Museums Galore in San Diego

My first task on Tuesday morning was to drop off Guyana at San Diego Station (I seem to be making a habit of this) and afterwards I intended to visit the USS Midway, an aircraft carrier come museum that sounded right up my kettle of awesome. However it didn't open for an hour so I went for a mooch, called some family members, baulked at a $5 charge ATM and was mildly satisfied when I found a $3 one.

This seems to be a trend in the USA - there are hidden charges in virtually everything - and often they are not stated at the start. You want a hotel room? Don't forget the service charge and taxes! You mean you want to withdraw your own cash? $5 please. What do you mean you don't tip hot dog vendors in the UK?! Here, have a free CD, oh let me autograph it for you, now you gotta pay me for a signed copy.... It's definitely a cultural difference that I'm not a big fan of, and it makes it remarkably easy to bleed money in the States.

This internal dialogue (yes there were two voices) was interrupted by spotting one of the filming locations for the best flying-related movie ever. Here, Goose and Maverick serenaded their ladies with a piano before being told to 'take me to bed or lose me forever'! Remember?
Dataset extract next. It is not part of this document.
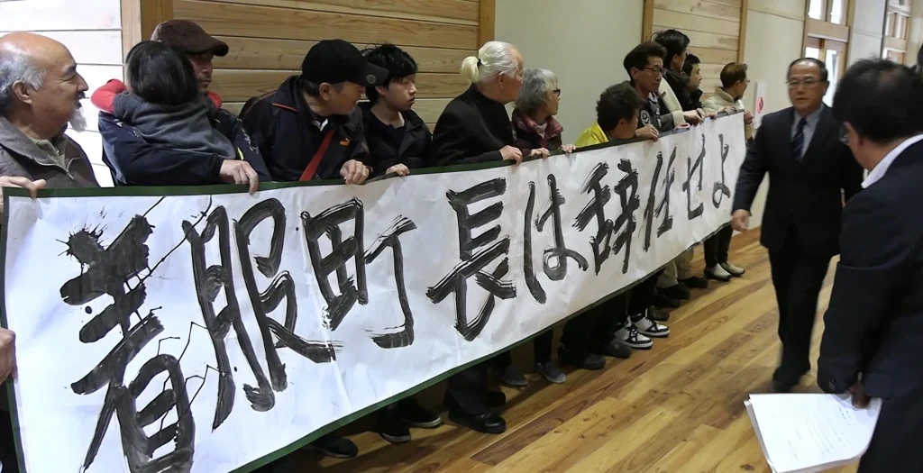 町長の嘘に怒る住民たち

Then I headed back to the USS Midway. WHAT a ship she is, take a good look here:

It was $18 to get in, which in retrospect was a really good value, though I could have saved a paltry dollar by getting the ticket from the tourist info shop about 200m up the promenade (note to future SD tourists). Also $10 parking from 9am to midnight was a good deal as well. So basically I spent all day on board this ship, which had been restored fantastically well with all the original equipment. Accommodation for all classes of sailor, messing, healthcare, flight operations and boat stuff were free for you to wander around with a very well-thought-out route and plenty of explanations and side stories. Also, use of manequins (animated and still) as well as sound effects really added to the overall experience. It was probably one of the best museums I have ever been in

Spot the difference between the enlisted sailors' and the admiral's accommodation...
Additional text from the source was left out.